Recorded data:
-------------------------

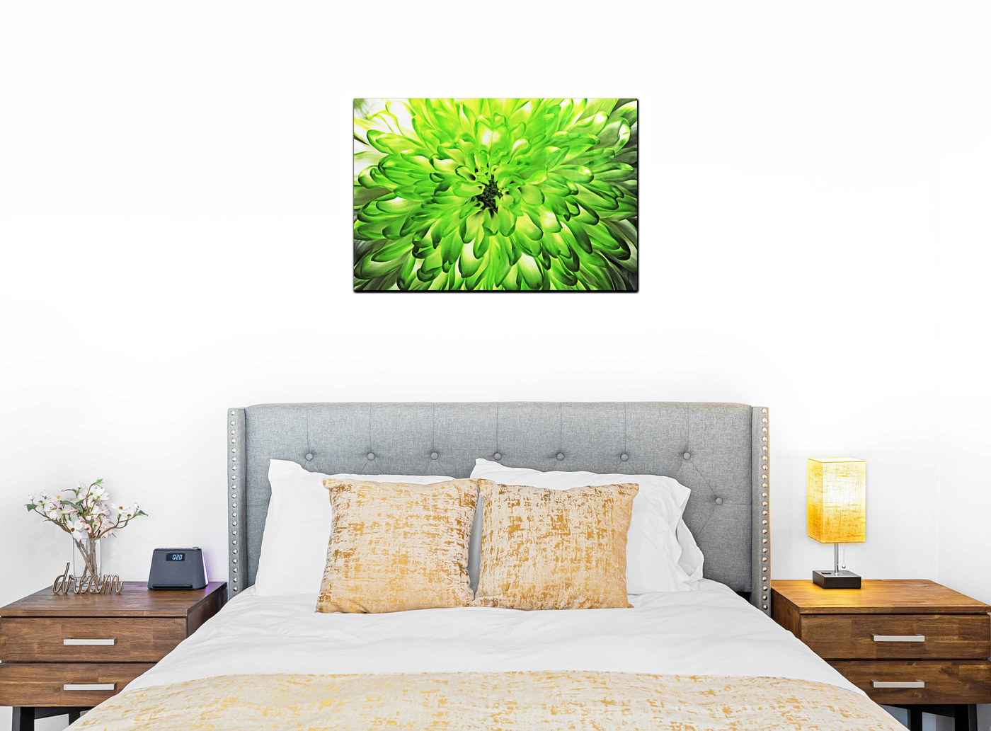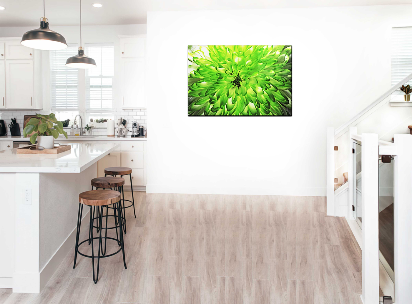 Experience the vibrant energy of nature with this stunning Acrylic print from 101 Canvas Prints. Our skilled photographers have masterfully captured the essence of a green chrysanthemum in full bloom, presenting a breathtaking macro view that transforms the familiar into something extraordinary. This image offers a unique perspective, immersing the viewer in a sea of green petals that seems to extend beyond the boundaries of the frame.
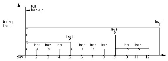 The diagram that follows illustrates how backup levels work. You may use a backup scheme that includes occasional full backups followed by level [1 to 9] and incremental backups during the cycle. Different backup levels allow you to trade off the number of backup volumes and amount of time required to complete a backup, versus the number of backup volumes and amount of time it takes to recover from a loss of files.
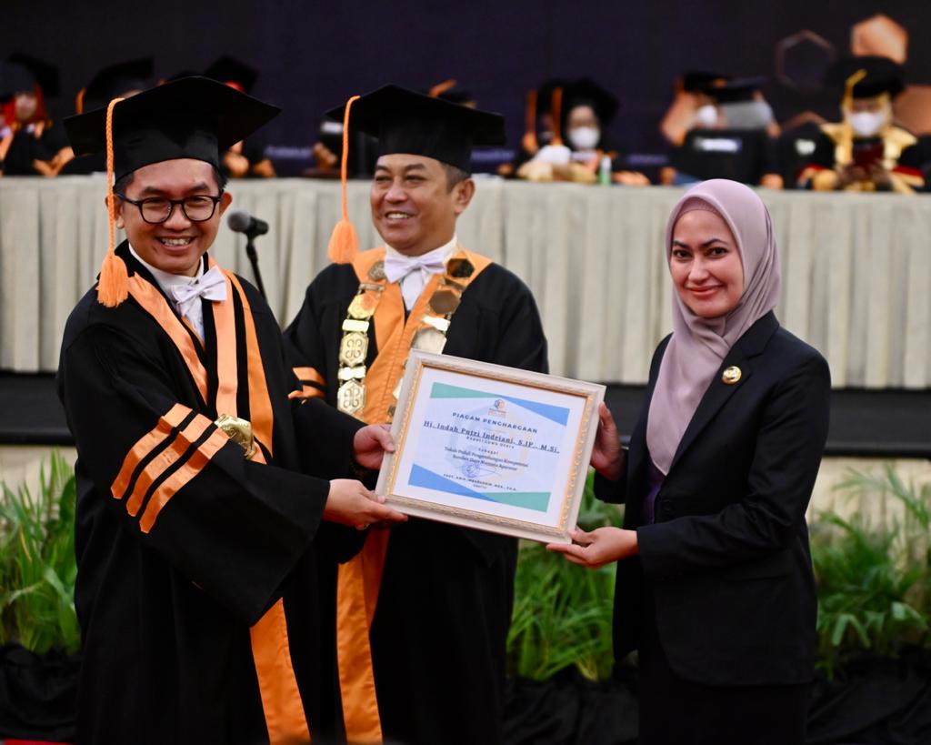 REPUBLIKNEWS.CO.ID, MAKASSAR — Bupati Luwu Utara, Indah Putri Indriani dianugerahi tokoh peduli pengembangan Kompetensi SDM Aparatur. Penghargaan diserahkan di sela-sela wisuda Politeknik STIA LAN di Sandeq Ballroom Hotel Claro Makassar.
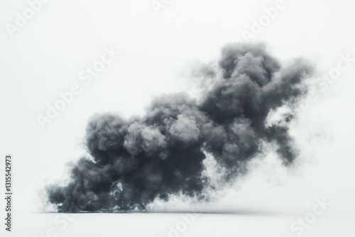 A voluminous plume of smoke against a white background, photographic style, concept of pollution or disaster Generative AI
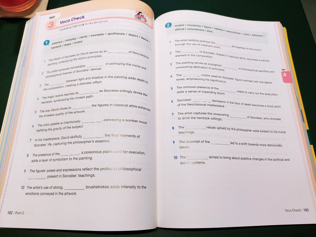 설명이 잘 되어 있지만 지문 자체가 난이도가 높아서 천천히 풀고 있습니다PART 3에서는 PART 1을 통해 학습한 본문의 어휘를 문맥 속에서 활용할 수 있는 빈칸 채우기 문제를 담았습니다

-------------------------

**YOUR ASSIGNMENT**
Reproduce only the lines from the first line of the entries through the line containing "The diagram that", exactly and with both ends kept. Omit the pictures.

**RESULT OF THE EXERCISE**
 Experience the vibrant energy of nature with this stunning Acrylic print from 101 Canvas Prints. Our skilled photographers have masterfully captured the essence of a green chrysanthemum in full bloom, presenting a breathtaking macro view that transforms the familiar into something extraordinary. This image offers a unique perspective, immersing the viewer in a sea of green petals that seems to extend beyond the boundaries of the frame.
 The diagram that follows illustrates how backup levels work. You may use a backup scheme that includes occasional full backups followed by level [1 to 9] and incremental backups during the cycle. Different backup levels allow you to trade off the number of backup volumes and amount of time required to complete a backup, versus the number of backup volumes and amount of time it takes to recover from a loss of files.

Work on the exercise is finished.